第3話 夢の中で

 京介と相棒のラムちゃんは洞窟内を彷徨っていた。ラムちゃんのお陰で何とか衣服と水分、食事を得ることができた。しかし、衣服も、食事も一時的なものだ。未だにここが何処だか分からない。京介は取り合えず洞窟からの脱出を考えていた。


「取り合えず、外があるのは分かった。でも、あの天井まではどうやっても登れそうにないな。」


 天井は遥か高く、切り立った崖のような斜面である。壁も苔むしており到底登れそうにない。流石のラムちゃんにもこの壁は難しいようで、ラムちゃんだけであれば張り付いて2,3m登っていくことが出来たが、上に行くほど壁が反り返り岩ごと崩落してしまった。


(ここはかなり脆い地盤に出来た洞窟なのか、よく見れば草木が生い茂った辺りは周囲に崩落のあとがある。ここは上の地面が崩落してのまま、植生が育ったのかもな)

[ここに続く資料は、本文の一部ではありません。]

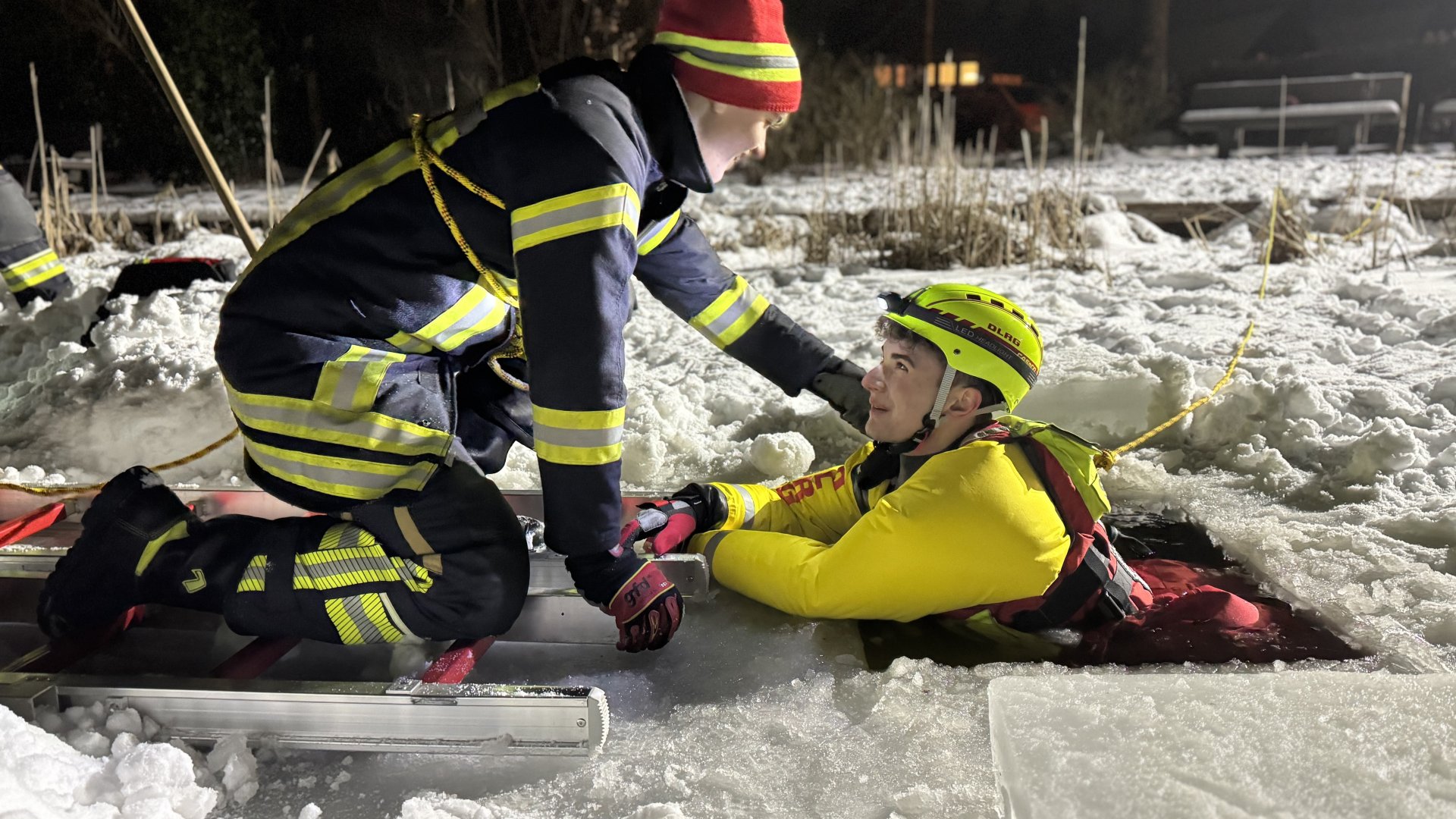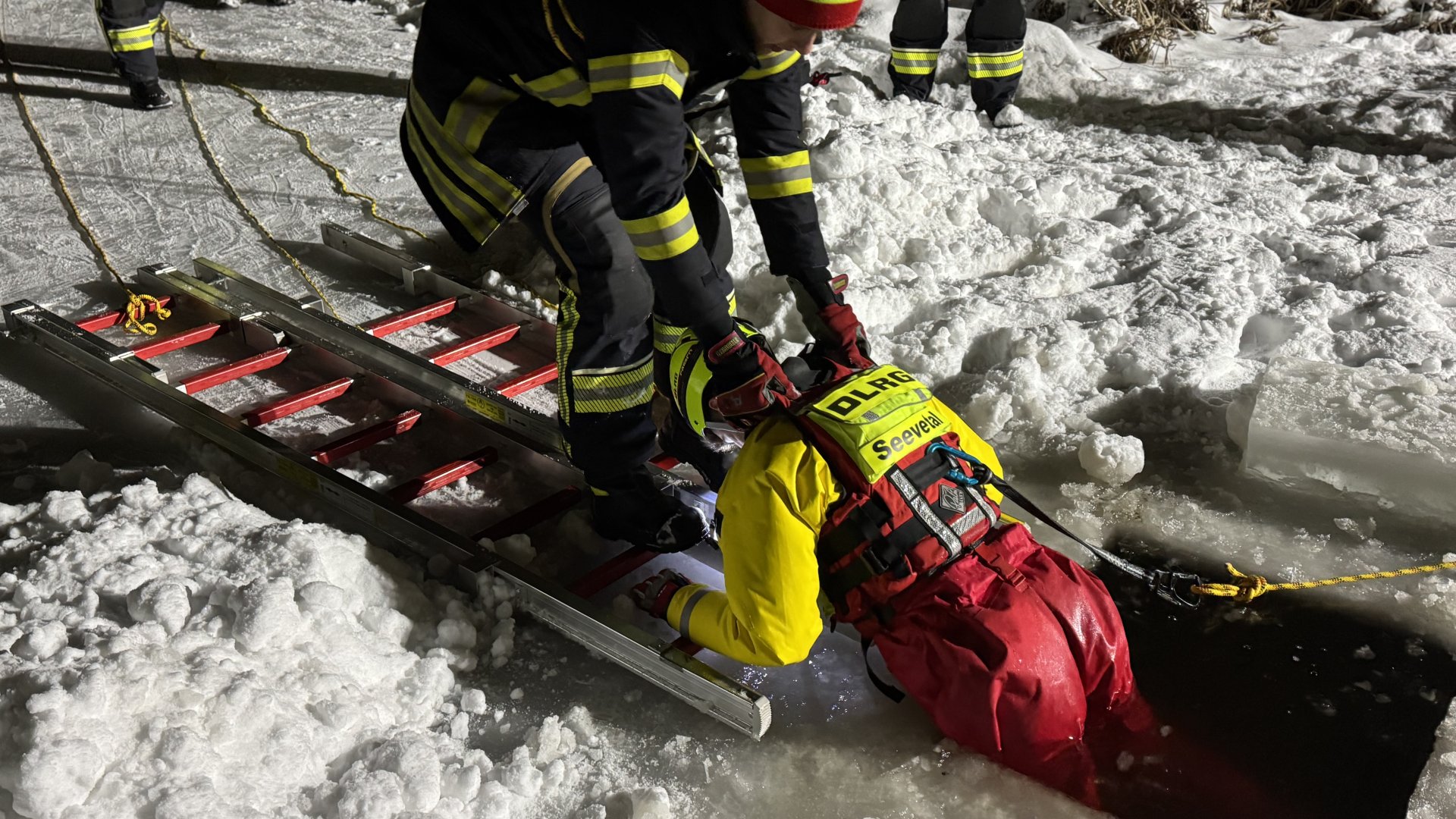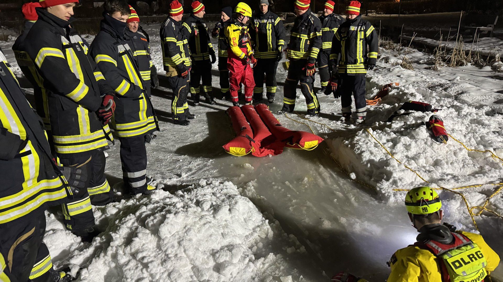 Am heutigen Dienstabend haben wir gemeinsam mit der DLRG Seevetal die Rettung von Personen aus Eisflächen geübt. Zahlreiche Einsatzkräfte trainierten verschiedene Rettungstechniken mit Leitern, Spineboard und Leinen. Auch das Thema Eigensicherung spielte dabei eine wichtige Rolle.
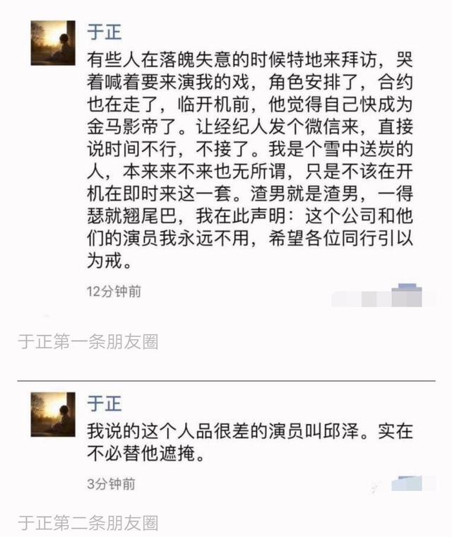 Bên cạnh đó còn một bài đăng khác của Vu Chính trực tiếp chỉ trích Khưu Trạch là người có nhân phẩm thấp với nội dung: “…Vừa được chút thành tựu đã lên mặt. Tôi ở đây lên tiếng thanh minh: ‘Công ty này và diễn viên của họ tôi mãi mãi không dùng…Diễn viên có nhân phẩm kém mà tôi muốn nhắc đến tên là Khưu Trạch…”
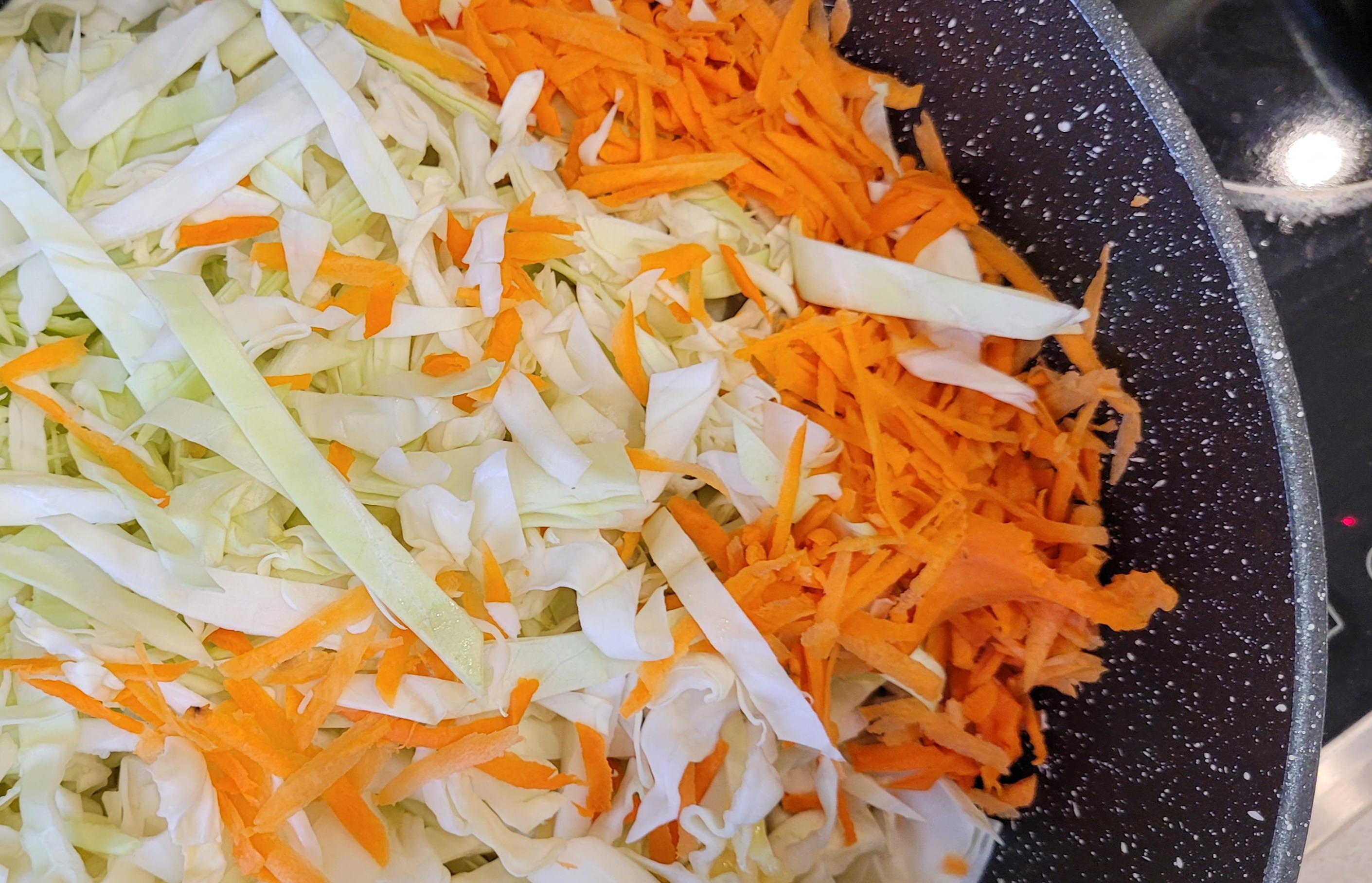 Нарезать белокочанную капусту и морковь соломкой или любым другим способом.Сложить в глубокую сковороду, долить воды и тушить под крышкой почти до готовности.
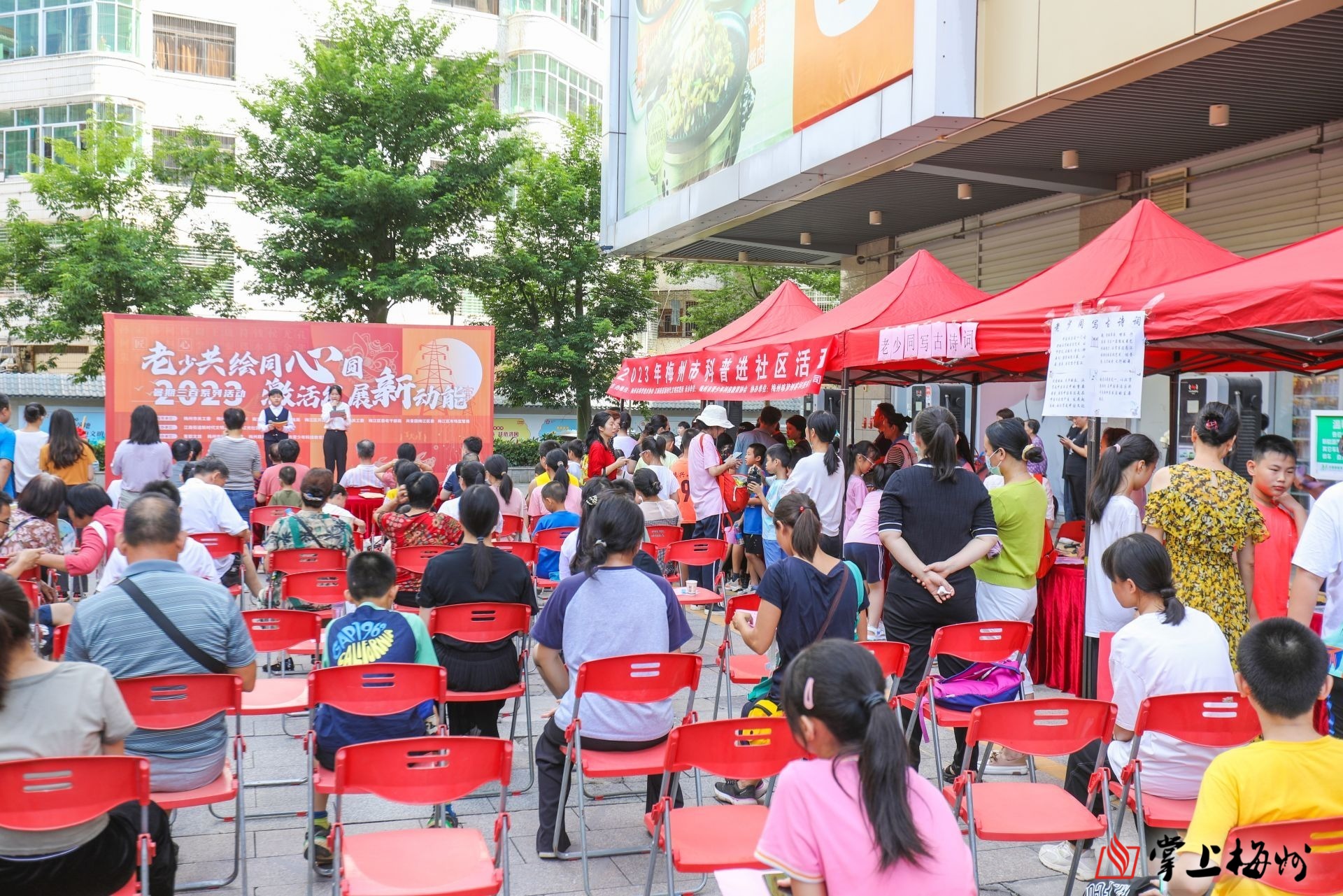 掌上梅州讯 7月20日上午,“老少共绘同心圆,激活发展新动能”梅江区江南街道红光社区2023暑期三百系列活动在客都汇广场举行。
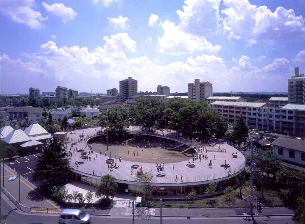 評価の対象となった『ふじようちえん』(東京都立川市)の園舎は、2007年に完成。「行き止まりのない建物」を目指し、園庭を囲む楕円形にデザインされた。
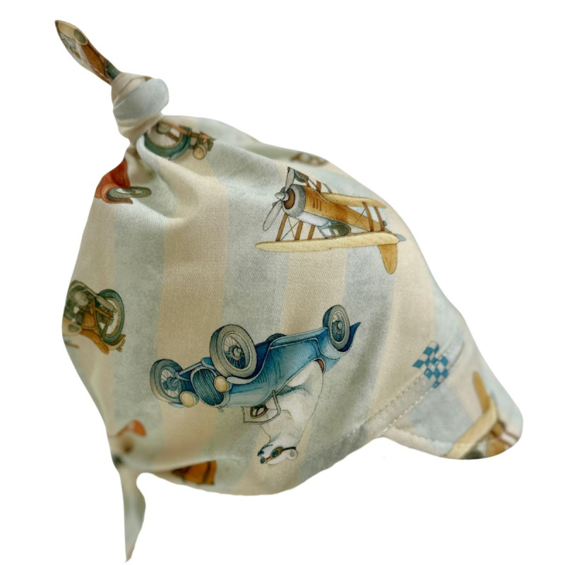 Bawełniana Chusta na głowę z daszkiem Retro Ride w całości wykonana została z miękkiej, atestowanej bawełny satynowej z trwałym nadrukiem. Idealnie ochroni główkę dziecka przed przegrzaniem, a dzięki wykorzystaniu bardzo miękkiej tkaniny nie spowoduje podrażnień oraz zapobiegnie przetarciom nawet na wrażliwej skórze Dziecka.
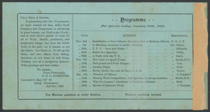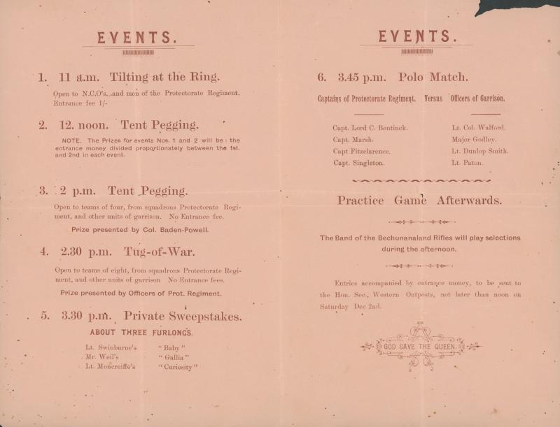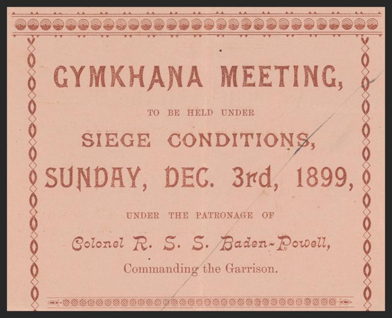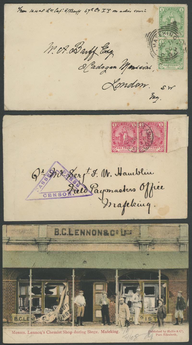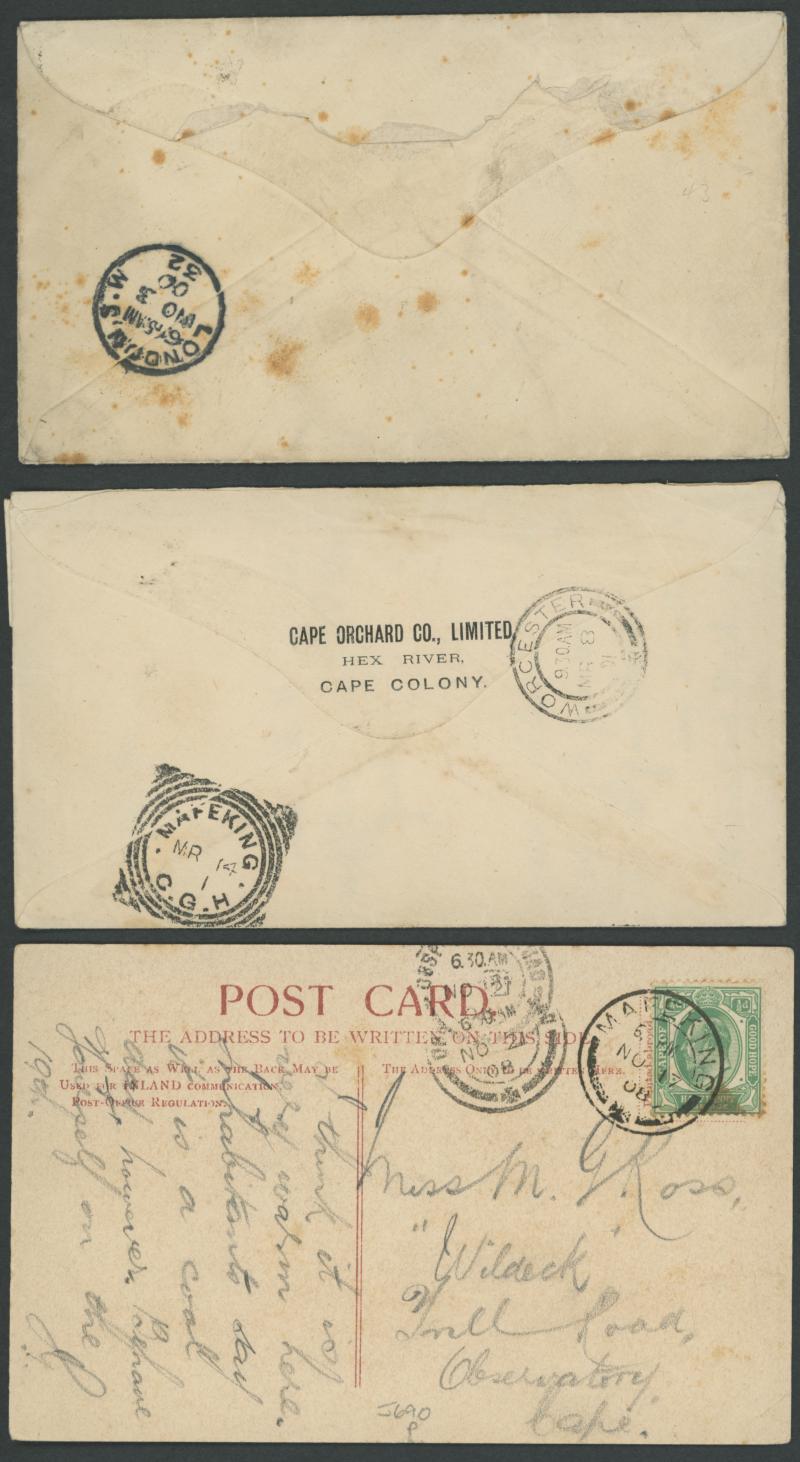 Yeomanry with Cape ½d pair tied by 'MAFEKING/CGH' squared-circle; 2) 1901 to "Field Paymasters Office/Mafeking" with Cape 1d pair tied by light 'HEX RIVER' cds, superb arrival backstamp; 3) 1899 (Dec 3) brown/pink programme for 'Gymkhana Meeting/to

「まあ、外が有ることが分かっただけでも気持ちが楽か」

「うーんそれにしたって取り合えず体を休める場所を探さないと」


 果物を取れるだけ抱えて京介とラムちゃんは探索を再開した。ラムちゃんは京介の肩周りを陣取り周囲を見渡している。彼自身、体力はある方だが慣れない環境で長時間体を酷使しているため疲労が隠せない。時折休憩しつつラム水(ラムちゃんが浄化した水)を口にしてはいるが、そろそろゆっくり休みたい時間である。


「ぷはぁ、水が旨~い、果物もほとんど食べちゃったし、落ち着ける場所を見つけないと」


 腹が満たされて眠気が襲ってきた。ゴブリンや他にも危険な生物が居るかもしれない環境下である。安全場所を見つけたい。壁に凭れかかり思案していると、ふと小さい頃の記憶が蘇った。


(そういえば爺ちゃんの裏山もこんな感じだったな…)


 京介が幼い頃、母の実家に帰省した際、普段は入らないように口煩く言われていた裏山に一人冒険に出掛けたことがあった。その山には戦時中の防空壕があり、危険だから近づくなと言われていた。


(行くなと言われたら行きたくなるじゃん...)


 幼い京介少年は両親たちの目を盗み、一人裏山に分け入っていった。山道もしっかりしており、散歩の延長位にしか考えて居なかった。そして、板で閉ざされた防空壕の隙間から、中に侵入してみたのだ。


 懐中電灯で照らされた洞窟内はガランとしていて特に面白くもなかった。


「何だ、何もないじゃん」


 何か秘密でもあるんじゃないかとワクワクしていた少年だが、期待を裏切られた気分だった。


「そうだ♪」


 少年は秘密がなければ秘密を作ればいいじゃんと考え、防空壕の壁を掘って秘密基地を作る準備をしに家に帰ろうと、防空壕の外に出ると、そこに待っていたのは般若の如く怒った両親であった。


「あの時はこっ酷く怒られたっけな…」


プル?


「なんでも無いよ」


 心配そうな様子で京介の顔を見つめるラムちゃんに、ほろ苦い気持ちを噛みしめながら優しくなで回した。


(あ、穴か)


「ラムちゃんお願いがあるんだけど」


 京介は物は試しと、ラムちゃんに壁に穴を掘れないか頼んでみた。


「なるべく固そうなところで、この辺か。ここをさ、こうやって少しずつ削ってみようか」


 石で人一人が入れるような大きさに印を付けながら、彼は体に鞭を打って、頑丈そうな壁を石で叩きつけた、しかし、


ガツン、ガッチィん


「はぁはぁ、だめだ少し削れる程度で穴なんか全然掘れそうにないや」


 そんな様子を後ろで見ていたラムちゃんは、京谷の前に位置取り、壁にビュニューっと張り付いた。


 シュウシュウシュウシュウ…


 少しずつラムちゃんの体に沿って壁が溶ける様に無くなり、次第に人が横になって休める程のスペースが出来た。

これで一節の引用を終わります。